Как становится ясно из мемуаров того времени, салон Аренсбергов сам по себе являлся пространством не только для собраний всех, кто так или иначе был причастен к авангардным экспериментам, но и для буйных вечеринок и открытого сексуального флирта (по всем свидетельствам, гетеросексуального толка). Мина Лой так описывала царившую там атмосферу: «под воздействием таинственных коктейлей, магически расширявших границы их вселенной, [у Аренсбергов] эти блистающие остроумием модернисты представали в необычном свете: мужчины, напористо увещевая “современных” женщин, увлекали их в гнёздышки своей опутывающей по рукам и ногам похоти, сокрушая их “назавтра” в сужающихся зрачках своих блуждающих глаз». И не будем забывать об упоминавшихся Габриэль Бюффе-Пикабиа «вакханалиях опьянения и всех остальных эксцессов», в которых Дюшан, вхожий в круг Аренсбергов, принимал активное участие87.

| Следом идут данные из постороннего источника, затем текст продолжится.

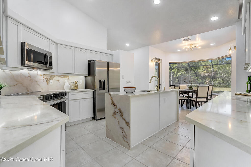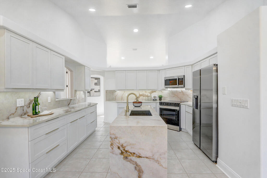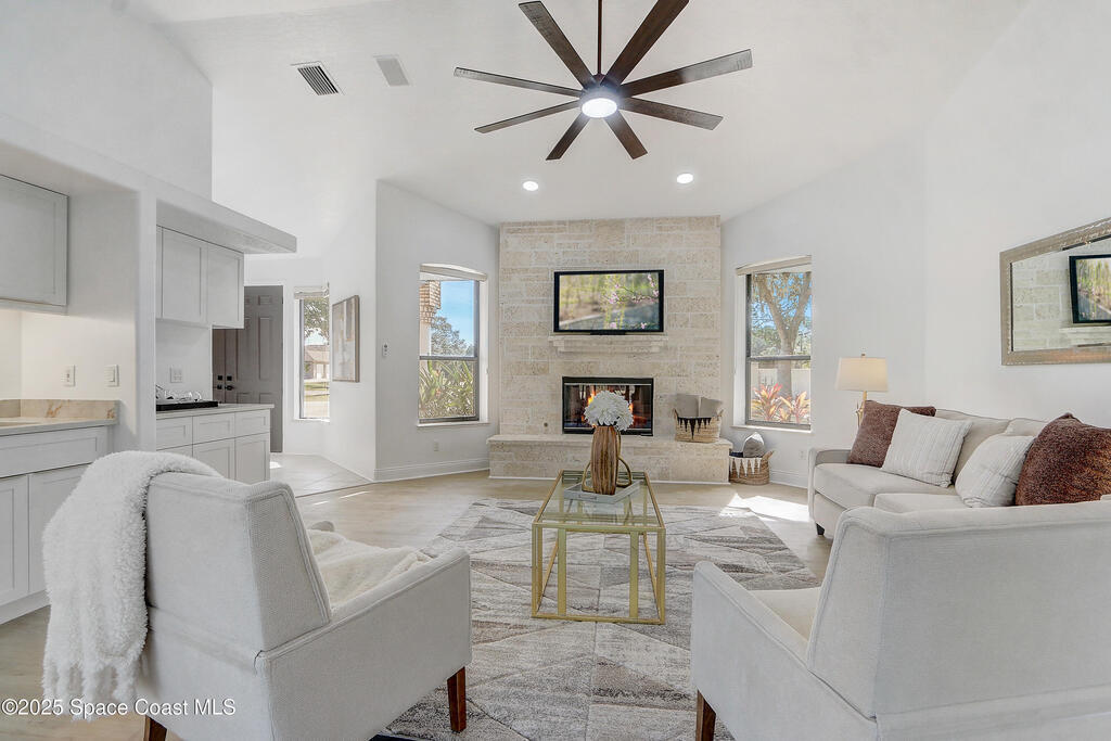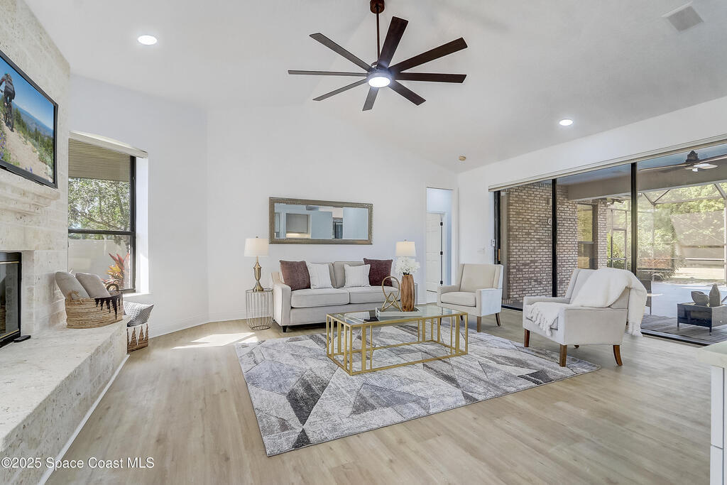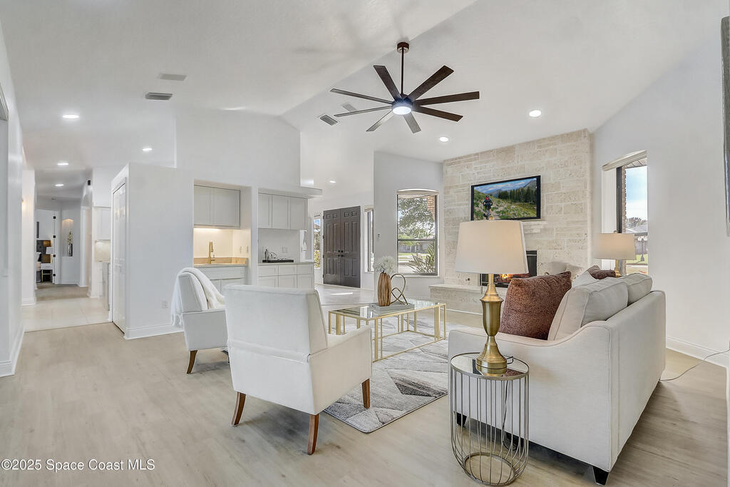 This exceptional single-story coastal residence presents a rare combination of architectural integrity, refined design, and uncompromising privacy. No HOA restrictions, and a full one-acre homesite create a level of freedom and permanence that is increasingly difficult to find. Professionally remodeled in Novemver 2025 and maintained in excellent condition, the home offers a turnkey luxury experience defined by thoughtful upgrades and enduring quality. The interior unfolds with light-filled living spaces and a seamless, open flow ideal for both elevated entertaining and everyday living. The kitchen and bathrooms are finished with elegant quartz countertops, complemented by new white shaker cabinetry and stainless steel appliances, delivering a clean, timeless aesthetic with modern sophistication. Designed for effortless indoor-outdoor living, the home opens to a screened, heated pool, creating a private resort-style setting perfect for year-round enjoyment.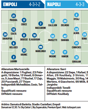 L’edizione odierna di Tuttosport prova ad anticipare le scelte di Maurizio Sarri in vista della partita di domani all’ora di pranzo ad Empoli: in difesa dovrebbe esserci l’avvicendamento tra Albiol e Koulibaly: il senegalese è diffidato e Sarri non vuole rischiare di perderlo per la Juve. Con lo spagnolo Hysaj e Ghoulam, oltre a Chiriches, favorito su Maksimovic.
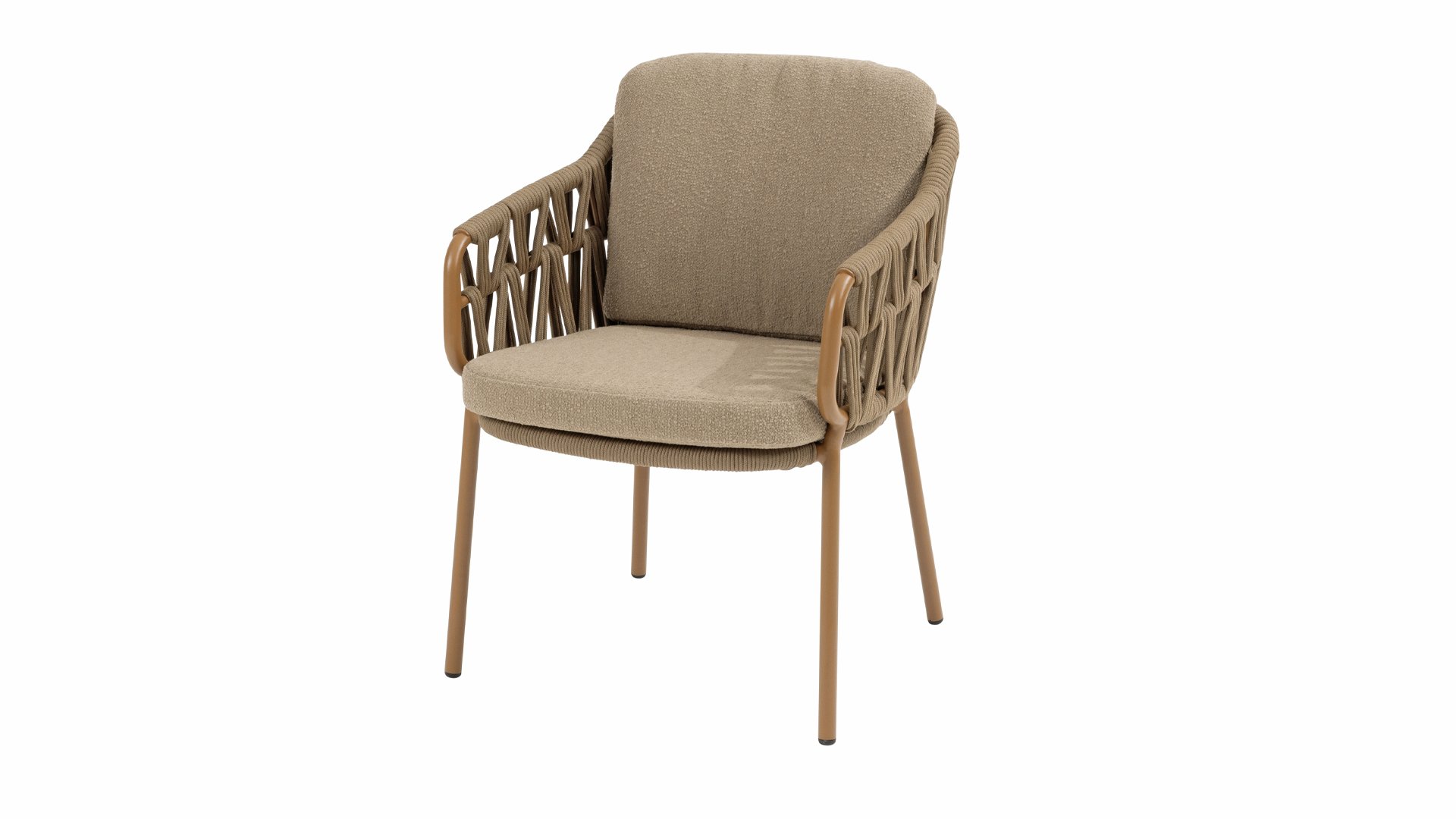 The 4 Seasons Outdoor Biarritz Amber is an elegant and modern lounge collection that exudes warmth and comfort. With its generously woven rope details in a deep amber color and the richly filled cushions in a soft, amber bouclé fabric, this set invites ultimate relaxation in your garden or on your patio.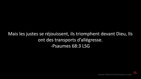 Mais les justes se réjouissent, ils triomphent devant Dieu, Ils ont des transports d'allégresse. -Psaumes 68:3 LSG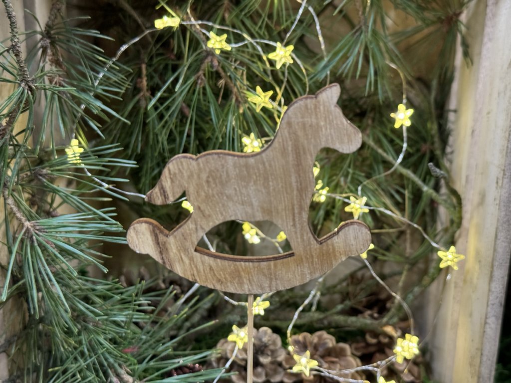 Zapichovací ozdoba s houpacím koníkem působí velmi elegantně. Skvěle doplní vaše zimní a vánoční dekorace. Vhodná k dozdobení váz, květináčů a dalších dekorací.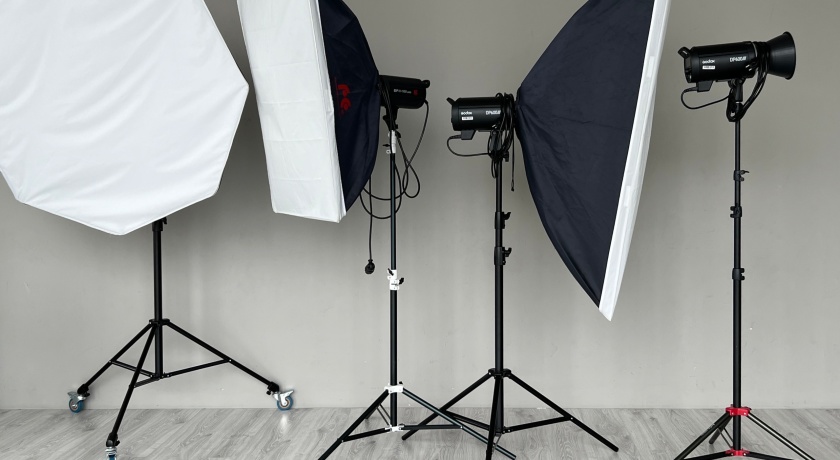 + насадки: софтбокс, стрипбокс, октобокс, зонт 165см диаметром, тарелка, рефлекторы.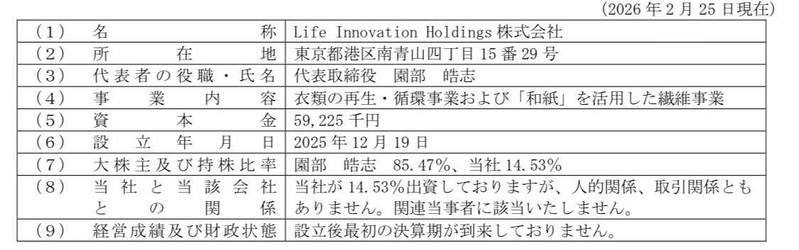 Life Innovation 社は、国内の大手アパレル会社のファッションデザイナーとしての経歴を持つ園部皓志氏が、クレサヴァ株式会社(本社:東京都港区南青山三丁目4 番7 号401 号室、以下、「クレサヴァ社」といいます。)の代表取締役として、廃棄衣類のリサイクル事業および日本の伝統素材である和紙を活用した新たな素材・事業分野に取り組んできた経験をもとに、環境性と文化的価値を両立した持続可能な事業モデルの構築を通じ、循環型社会の実現と事業のさらなる成長を見据えて、当社との共同事業により、さらに進化するため、2025 年12 月に設立した会社です。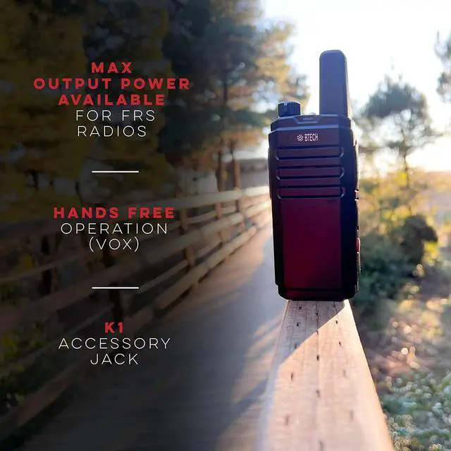 FRS Walkie Talkies --- The FRS-B1 are license free FRS walkie talkies programmed with all 22 FRS channels used by FRS radios. All 22 FRS Channels are pre-programmed and able to be customized for your unique application needs. The radios support all 260 DCS and CTCSS privacy tones (up to 5720 channel combinations) making them compatible with any other FRS radio. The FRS-B1 allows quick monitoring of all traffic on a channel with the monitor key, and also includes a built-in flashlight. ^^ Rugged and Versatile --- The FRS-B1 is IP54 weather resistant, meaning it can reasonably be used in all weather situations.

В итоге Гринвич-Виллидж в 1910-x годах была эдаким рассадником сначала спонтанной, а затем – все более расчётливой и коммодифицированной «богемной» деятельности и самоперформанса. Широко известные рассказы о подвигах баронессы, встречающиеся в хрониках «Деревни», призваны поместить её в этот контекст, однако многочисленные трансгрессии – и скитальческое, действительно нищенское существование Эльзы (в отличие от многих представителей богемы, полагавшихся на поддержку семьи или выманенные у туристов доллары), – делают такое включение проблематичным. Иными словами, за ярлыком «эксцентрика», который навешивается на неё под влиянием этих историй, скрывается нечто большее. Несколько конкретных примеров помогут нам прояснить, как пространственные практики баронессы обусловили иррациональные стороны жизни города и его авангардистских течений – и одновременно реагировали на них, – тогда как иные, более коммерциализированные типы богемного поведения в конечном итоге эти аспекты скорее сублимировали.